** Given entries **
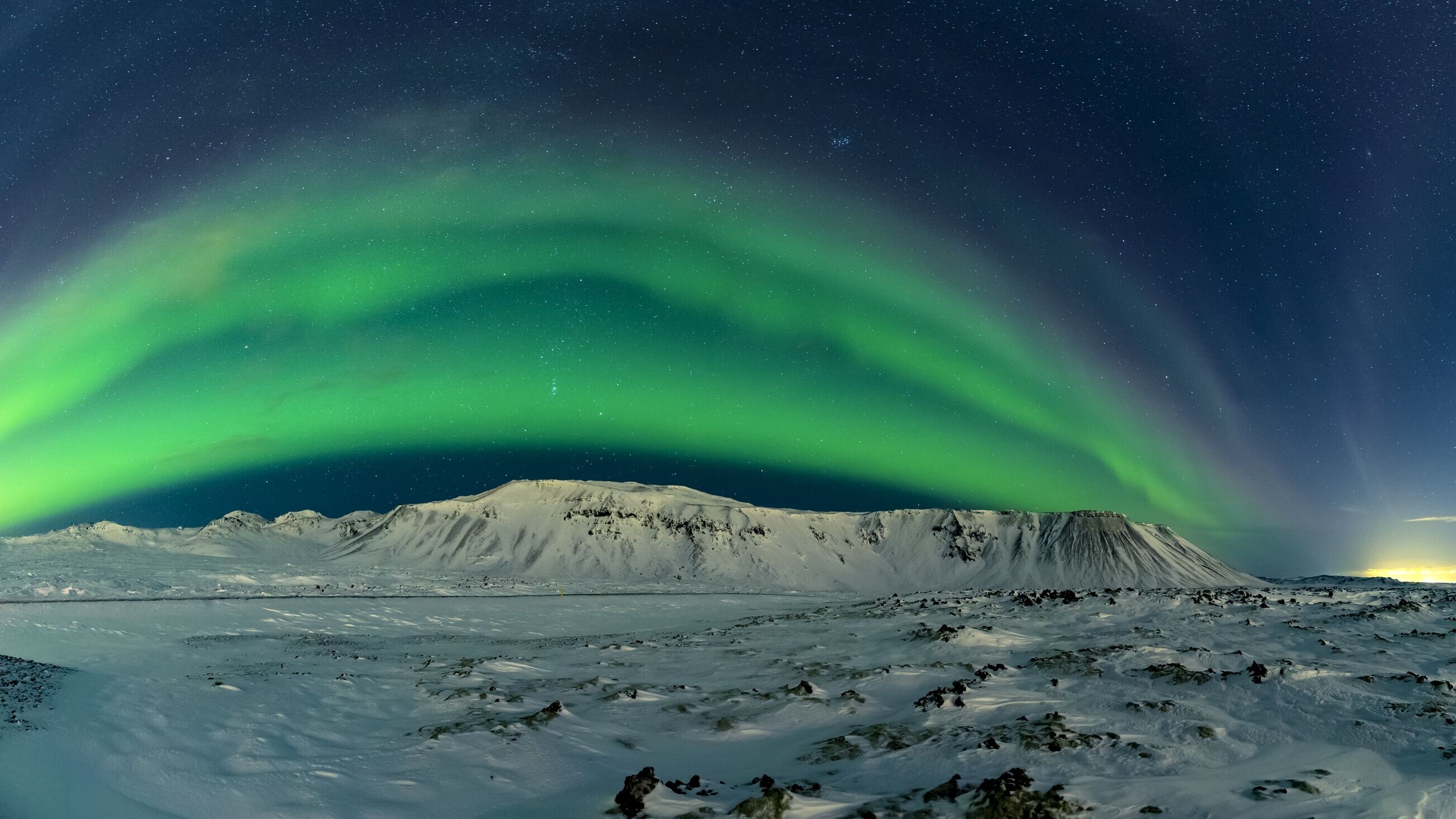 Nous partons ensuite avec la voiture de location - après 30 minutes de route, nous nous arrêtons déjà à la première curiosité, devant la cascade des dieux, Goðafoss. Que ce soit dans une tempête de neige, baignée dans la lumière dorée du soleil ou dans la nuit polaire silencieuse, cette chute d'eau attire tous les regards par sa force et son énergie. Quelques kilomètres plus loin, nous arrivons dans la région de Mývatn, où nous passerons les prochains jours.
--
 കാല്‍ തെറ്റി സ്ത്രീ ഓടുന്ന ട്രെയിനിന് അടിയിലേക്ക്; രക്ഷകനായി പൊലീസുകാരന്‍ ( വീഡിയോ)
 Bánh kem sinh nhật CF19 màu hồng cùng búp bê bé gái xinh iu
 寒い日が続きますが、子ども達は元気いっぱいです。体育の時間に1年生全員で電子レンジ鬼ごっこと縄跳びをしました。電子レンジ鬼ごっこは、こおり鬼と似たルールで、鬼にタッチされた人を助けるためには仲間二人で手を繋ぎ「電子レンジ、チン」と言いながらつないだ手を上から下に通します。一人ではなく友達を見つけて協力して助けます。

** Exercise **
Only one stretch of the data above is needed. Restate it word for word, from the line containing "കാല്‍ തെറ്റി സ്ത്രീ" through the line containing "Bánh kem sinh", both ends included.

** Response for this exercise **
 കാല്‍ തെറ്റി സ്ത്രീ ഓടുന്ന ട്രെയിനിന് അടിയിലേക്ക്; രക്ഷകനായി പൊലീസുകാരന്‍ ( വീഡിയോ)
 Bánh kem sinh nhật CF19 màu hồng cùng búp bê bé gái xinh iu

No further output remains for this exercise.